The "Rhodes Must Fall" guys talk of Rhodes' problematic "legacy" and how it has no place on a 21st-century campus. One says his statue is "a reminder… of the colonial project." ISIS, too, is also all about erasing legacies. Its English-language magazine Dabiq justified the destruction of artifacts at Mosul Museum in Iraq as a means of "erasing the legacy of a ruined nation." It boasts of having "laid to waste the … legacy of a nation that had long passed from the face of the Earth."

What ISIS and the Oxford lot share in common is a Year Zero attitude, a desire to rewrite history. It's a deeply authoritarian instinct: not merely to discuss the past, and challenge its events and ideas, but to cleanse all remnants of it from the present. It's cultural cleansing, disguised as an Islamic duty by ISIS and as radical anti-racism by Oxford students.

Oxford students aren't the only ones aping the ISIS approach to yesteryear's monuments. They were inspired by students at the University of Cape Town, who protested against and threw shit at a statue of Rhodes until it was taken down last April. In the U.S., students at the University of Texas at Austin (UTA) are agitating for the removal of a statue of Jefferson Davis, president of the Confederacy during the Civil War. A UTA student leader says the statue is "not in line with… the ideals of a diverse and all-inclusive university." Imagine that—a historical monument that fails to conform to the values of today.

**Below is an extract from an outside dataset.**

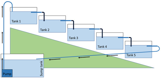 Lemna minor was cultivated in non-sterile, semi-outdoor, recirculating systems (n = 3). Each system consisted of five tiered tanks (21.5 cm length × 15.5 cm width × 11 cm height) and a lower sump tank (37 cm × 29 cm × 52 cm) with a capacity of 35 L per system (Figure 5). The five tanks had a combined total surface area for duckweed growth of 0.165 m2. The growing medium was pumped from the sump tank to the highest-tiered tank (1.1 L h−1: JYC-2000 Jiayaocheng, Ltd., Foshan, China) at a slow pace to minimise plant disruption [37]. All other tanks were sequentially gravity fed from the top tank and effluent from the lowest tank was returned to the sump tank. Filters inserted into the outlet pipe of each tank prevented movement of L. minor between tanks, whilst allowing the continued circulation of the medium. A muslin cloth cover was suspended above the three recirculating systems to provide 50% shading from natural sunlight. A preliminary assessment indicated that L. minor grew better at a reduced light intensity rather than in direct sunlight. The mean (± SE) light intensity experienced by L. minor between dawn and dusk was 139.9 ± 11.9 µmol m−2 s−1, with a min–max of 2.9–463.2 µmol m−2 s−1 (measured using HOBO MX2202, Onset).

Earlier this year, St Louis University took down a statue of the Jesuit Missionary priest Father Pierre-Jean De Smet holding a crucifix over Native Americans. The statue has been there for decades, but it was recently judged "culturally insensitive." Students at the University of Maryland are demanding the renaming of their football stadium, currently named for H.C. Byrd, a segregationist.

In the wake of Charleston church massacre, the Guardian actually set up a page to track all outdated or racist symbols and monuments in the U.S. Seriously. It's like a sex offenders' registery for statues.

If every old thing, whether it's the works of Mark Twain, which are strewn with racial epithets offensive to modern ears, or those libraries named after slave-owner Thomas Jefferson, were to be judged by how well it sits with modern-day mores, we'd have to tear down everything. News Flash: people in the past had different values to ours.

The attempt to airbrush historical stuff from the present is the height of authoritarianism. It's an attempt not merely to control what people can think and say today, but to project contemporary conformism back in time. Yet being surrounded by statues of flawed historical figures and dead eccentric writers is part of living in a complex, colorful society. They're reminders of history's ups and downs, and its changes. 

"He who controls the past controls the future," said Orwell. Yes, that's it. The intolerant students and others seeking to smash past images and ideas really have their eye on establishing their future authority to determine what all of us may think and say.